Una recente inchiesta internazionale, ha svelato che «ci sono delle lobby fortissime che provano a indebolire qualsiasi norma che vada a regolamentare queste molecole. Recentemente abbiamo visto alcuni casi anche in Italia: pensiamo ad esempio al dossier di Mario Draghi sul futuro dell’Europa. In quel corposo dossier compare un lungo pezzo dedicato a queste molecole intese come sostanze che se messe al bando potrebbero compromettere la competitività europea in futuro», dice Ungherese che fa notare anche come il sistematico tentativo di nobilitare queste sostanze è lo stesso di quello messo in atto negli scorsi decenni dall’industria del tabacco e dei combustibili fossili.
«I dati raccolti con la nostra mappatura ci fanno capire quanto sia necessario intervenire all’origine del problema. Oggi non ci sono ragioni per continuare a utilizzare queste sostanze perché nella stragrande maggioranza dei settori industriali esistono delle alternative. La politica deve schierarsi dalla parte della collettività e della salute pubblica e garantire processi industriali che non compromettano la salute nostra e quella del pianeta», dice Ungherese.
Cittadinanza attiva
Perché questa indagine? «Siamo stati tempestati da richieste di cittadine e cittadini che chiedevano dati sulla presenza di questi inquinanti nelle acque potabili. Purtroppo, oggi nel nostro Paese, salvo rare eccezioni, queste indagini non vengono eseguite, nonostante la comunità scientifica internazionale ci metta in guardia sulla pericolosità di queste molecole», dice Ungherese.

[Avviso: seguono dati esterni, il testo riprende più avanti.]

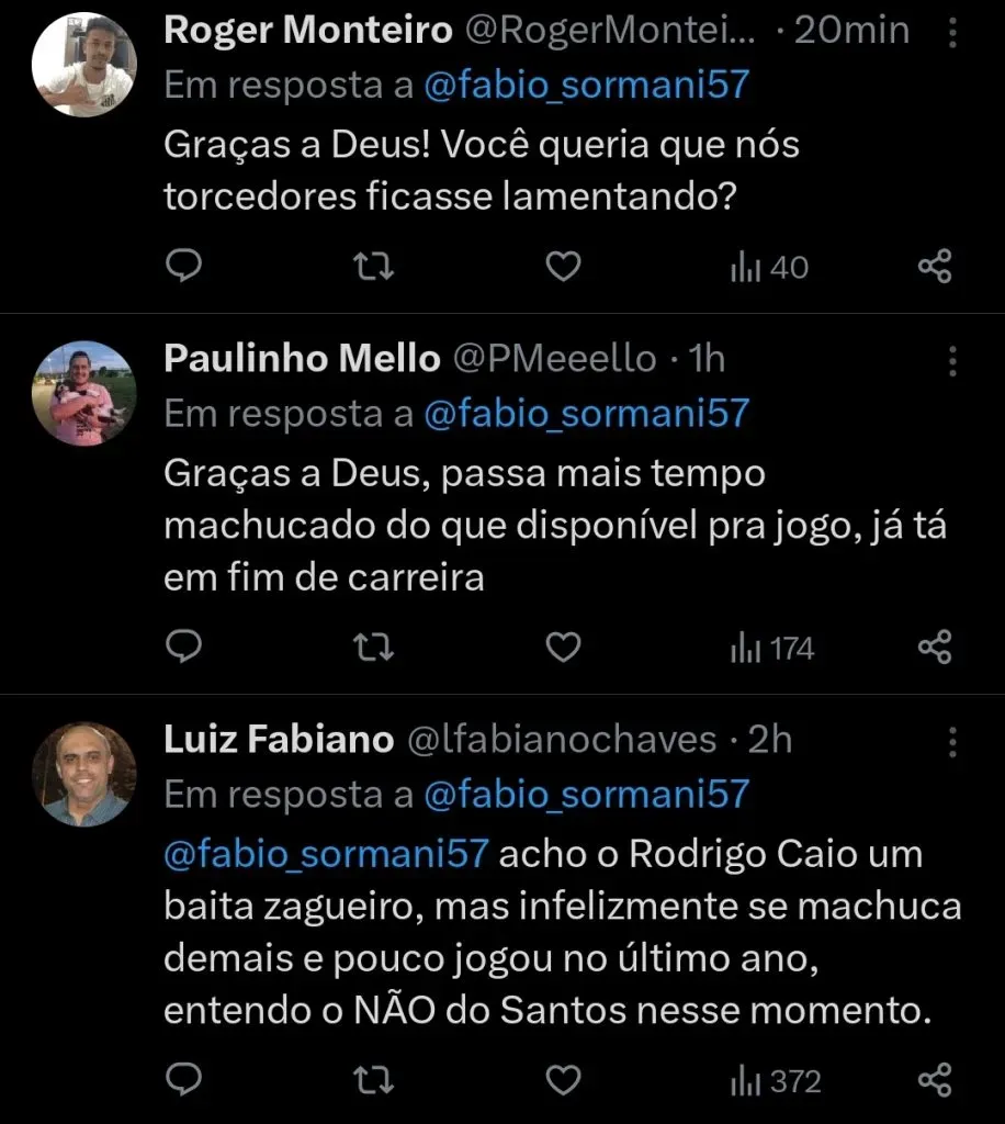 Segundo informação divulgada pelo jornalista Fábio Sormani, Rodrigo Caio também foi oferecido ao Santos, que, assim como o Botafogo, também optou por recusar o atleta.

«Le persone – molto spesso vittime inconsapevoli di questa contaminazione – sono fondamentali per scardinare determinate logiche di potere. I cambiamenti che abbiamo ottenuto a livello globale si devono alla tenacia, alla perseveranza e al mettersi in gioco di tante persone: attivisti, attiviste, ma anche persone toccate dalla contaminazione».
Raccontando della fase di campionamento Ungherese parla del coinvolgimento delle comunità locali attraverso i comitati e il network del volontariato di Greenpeace. Il responsabile della campagna inquinamento parla anche delle serate di informazione fatte in giro per l’Italia su questi temi: «Le persone sono spaventate da questa contaminazione, vogliono saperne di più e vogliono avere certezze sul reale stato di inquinamento del territorio in cui vivono. Ci sono centinaia di persone che chiedono un cambiamento, che chiedono di essere tutelate e di poter avere riconosciuto un diritto fondamentale: accedere ad acqua pulita e a cibo non contaminato», conclude Ungherese.